Abstract
Objectives: To evaluate the diagnostic validity of PIVKA-II for Hepatocellular carcinoma in cirrhotic patients with uncertain liver nodules on Ultrasound.
 Methods: This was a cross-sectional study conducted in 01-11-2020 and 31-12-2021 at Hepatitis clinic at Jinnah Hospital Lahore. Patients who fulfilled the selection criteria(n=100) were enlisted for this study. Blood samples were obtained to test for PVKA-11 and AFP in cirrhotic patients who had liver nodules that had been previously verified by ultrasound imaging. Data were entered and analyzed in SPSS ver: 21.0. Sensitivity, specificity and predictive values were calculated using CT imaging and biopsy as gold standard. ROC curve evaluating AFP, PIVKA-II, and a combination as indicators for Hepatocellular carcinoma at 95% Confidence Interval was calculated with a p < .05 value was taken as statistical significant.

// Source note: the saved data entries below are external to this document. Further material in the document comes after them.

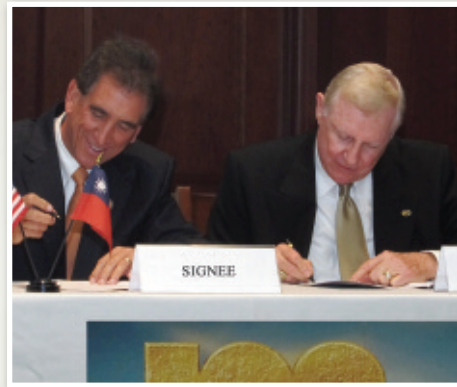
Congressman Burton attends a signing ceremony to strengthen our agricultural community in Indiana by supporting trade agreements with Taiwan.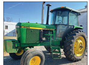
JOHN DEERE 4455, 4X2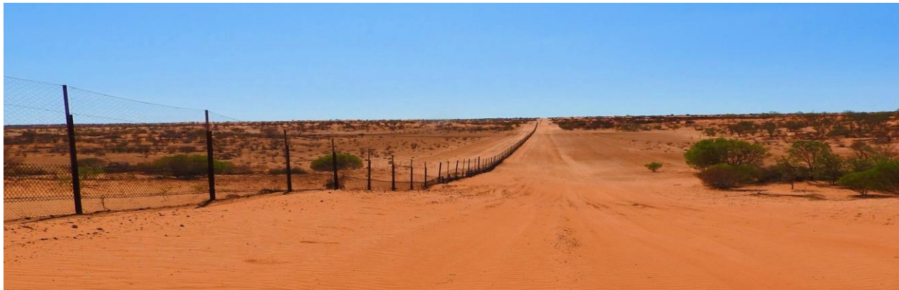
Dog Fence- 5614 Kilometres long

This is not included in the price of the tour. .Your seamless adventure awaits!

 Results: HCC was confirmed in 45 of the 100 instances, and it was invariably at an early or very early stage. At a threshold of 62.5 mAU/mL, PIVKA-II and HCC were significantly correlated (P =.015 and P =.036, respectively) in univariate and multivariate analyses. For AFP, 7.5 ng/mL was the ideal cut-off. For PIVKA- II, sensitivity was 62% and specificity was 91% , while for AFP, they are 66% and 69% respectively. The positive and negative predictive values for PIVKA-II were 81% and 74%, respectively, while for AFP sensitivity was 63% and specificity was 72%. The combination of both biomarkers improved the precision of diagnosing HCC (sensitivity = 74%, specificity = 95.5%, NPV = 81%, PPV = 92%, and AUC = 0.781).
 Conclusion: PIVKA-II is a valid indicator for defining the characteristics of liver nodules in cirrhosis and when combined with AFP, it signifies superior accuracy for HCC diagnosis.